Thursday, July 31, 2008

What is a sandwich and other questions.

Some time back - about 50 years more or less - there was a controversy in the airline industry over the definition of a sandwich. Coach class flights did not serve complete meals. They served sandwiches. Scandinavian Airlines (SAS) came under attack for serving gorgeous, artfully arranged and delicious open faced sandwiches on their coach flights. I know. I flew SAS on vacation to Europe in 1959 and was treated to these gourmet creations. When other competing airlines protested that they weren't playing fair, SAS responded, "We are only serving sandwiches, after all."

You see in those days of government regulated airlines, they competed for passengers by trying to outdo one another with great passenger service. What a concept!

I am reminded of this because of another controversy playing out in the current Northwest - Delta saga. Definition is again a key word. What defines "corporate headquarters?"

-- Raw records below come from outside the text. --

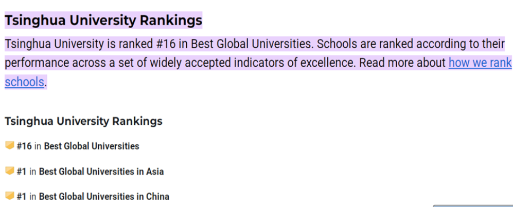 “Tsinghua” Universiteti “Ən Yaxşı Qlobal” Universitetlər sıralamasında 2024 -cü ildə “THE” reytinində 12-ci yerdə, 2025-ci ildə isə “US News-Best Global Universities” reytinqində 16-cı yerdə qərarlaşıb.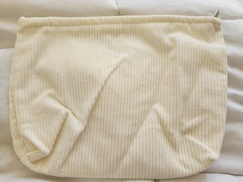 Love the corduroy fabric on this bag. It's spacious and holds all of my daily makeup with room to spare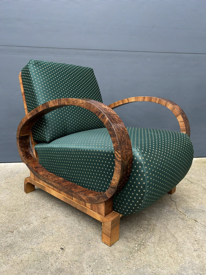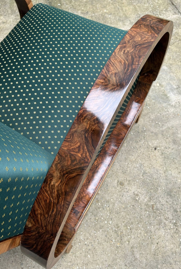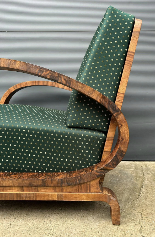 F199 - Famózne Art DECO kreslá po kompletnej renovácii, s tradičnou politúrou a tematickou poťahovou látkou s efektom (chameleón) !!! Zriedkavé kreslá s ohýbanými podrúčkami potiahnuté dyhou z amerického orecha, ktorú zvýrazňuje šelaková politúra. Zberateľský kus.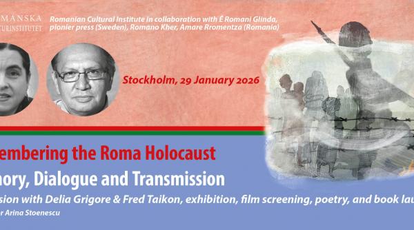 Institutul Cultural Român de la Stockholm va organiza în data de 29 ianuarie 2026 o seară de comemorare și dialog care îi reunește pe cercetătoarea și activista de origine romă Delia Grigore, președinta Asociației Centrul Rromilor „Amare Rromentza”, și pe scriitorul și activistul suedez de origine romă Fred Taikon, președintele asociației „É Romani Glinda”, într-o conversație în limba engleză moderată de editoarea Arina Stoenescu, la sediul reprezentanței. Vor fi aduse în discuție volumul Holocaustul împotriva Romilor: album de memorie și recunoștință, București 2023, publicat de Departamentul pentru Relații Interetnice al Guvernului României și cartea bilingvă pentru copii Inelul cu cap de cal, Istoria romilor povestită copiilor de Ioanida Costache & Petra Gelbart, Pionier press, Suedia, 2026. Cu această ocazie, va avea loc și vernisajul expoziției dedicate Holocaustului împotriva romilor din România, realizată de É Romani Glinda în colaborare cu Fundația Social-Culturală a Romilor „Ion Cioabă” și The Virtual Museum of the Roma Holocaust. De asemenea, în cadrul evenimentului va avea loc proiecția filmului documentar Roma Tears (2006), realizat de Luminița Cioabă. Parteneri: Centrul Național de Cultură a Romilor – Romano Kher (CNCR-RK), Asociația Centrul Rromilor „Amare Rromentza” din România, Organizația „E Romani Glinda” din Suedia și Ambasada României în Regatul Suediei.

It seems that loan covenenants between NWA and the Metropolitan Airports Commission (MAC) require that NWA retain its headquarters and hub in the Twin Cities and maintain certain employment levels in Minnesota. In response to reports that corporate headquarters of the merged airline would be located in Atlanta, the MAC has lots of questions. Chairman Jack Lanners says that the MAC holds "leverage points" over Delta and Northwest, and it could require a merged Delta to immediately pay off $230 million in bond debt when Northwest's Eagan headquarters closes. Under the agreement, NWA has until 2022 to pay off the debt. Northwest CEO Doug Steenland and Delta CEO Richard Anderson claim that the vast majority of Minnesota jobs would be preserved after a merger. Anderson testified before the Senate Commerce Committee that Delta would keep pilot and flight attendant bases in the Twin Cities, reservations centers in Chisholm and the Twin Cities, a cargo facility at Minneapolis-St Paul International Airport, a pilot training facility, a data center in Eagan and other front-line workers needed to operate the hub.

Do those combined operations constitute corporate headquarters? Or do the offices of executive leadership constitute corporate headquarters? What constitutes a hub?

In May, NWA CEO Steenland said that the merged airline would be prepared to pay off the MAC bonds, but that executives want to renegotiate the terms of the loan with the MAC. Stay tuned. This could get interesting.

As for me, I'm thinking about those tasty open faced sandwiches I enjoyed on SAS. Which raises another question . . . is a regular sandwich a closed face sandwich? Just wondering.